Catherine Ann Drinker was born on May 1, 1841, in Philadelphia to (Henry) Sandwith Drinker and Susannah Budd (née Shober) Drinker. Her father commanded ships involved in East India trade and then established a partnership called James and Drinker in Hong Kong and Macao. He was a merchant or adjacents-ports agent for organizations in New York, Boston, and Philadelphia. Janvier was the oldest of four children. She had a sister and two brothers. Her brother Robert was born in 1845, Henry was born in 1850, and Elizabeth in 1853.

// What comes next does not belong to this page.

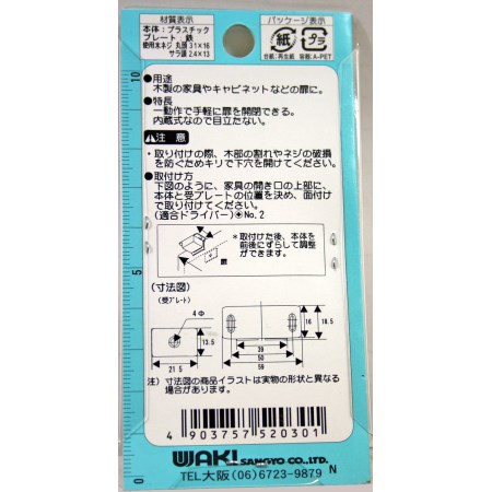 一動作で手軽に扉を開閉出来ます。内蔵式なので目立ちません。木製の家具やキャビネットなどの扉に最適です。取付ネジ付きです。

Sandwith Drinker lived in Hong Kong by 1845 and the rest of the family was there about 1849. Janvier was a friend and correspondent of student Townsend Harris, who became the first Minister to Japan for the United States. Janvier studied oriental arts, the French and Latin languages, literature, and mathematics. She was also interested in horse-back riding and dancing. At ten or fifteen years of age, one of her father's business associates and a powerful merchant, Hukwa, tried unsuccessfully to arrange a marriage between Janvier and his son.

The Drinkers were living in the orient during the Opium Wars when the relationships between foreign traders and the Chinese was difficult. The Drinkers lived in Macao by 1857. In January 1857, (Note: The biography of Cecilia Beaux stated that the event occurred in January 1858.) Sandwith Drinker was poisoned and died of dysentery, believed to be the result of a politically motivated mass poisoning of bread at a bakery. About 400 foreigners "suffered great impairment of health" due to arsenic poisoning. (Note: Lady Bowring, the wife of Sir John Bowring, Governor of Hong Kong, died in 1858. The cause of her death was determined to be arsenic poisoning.)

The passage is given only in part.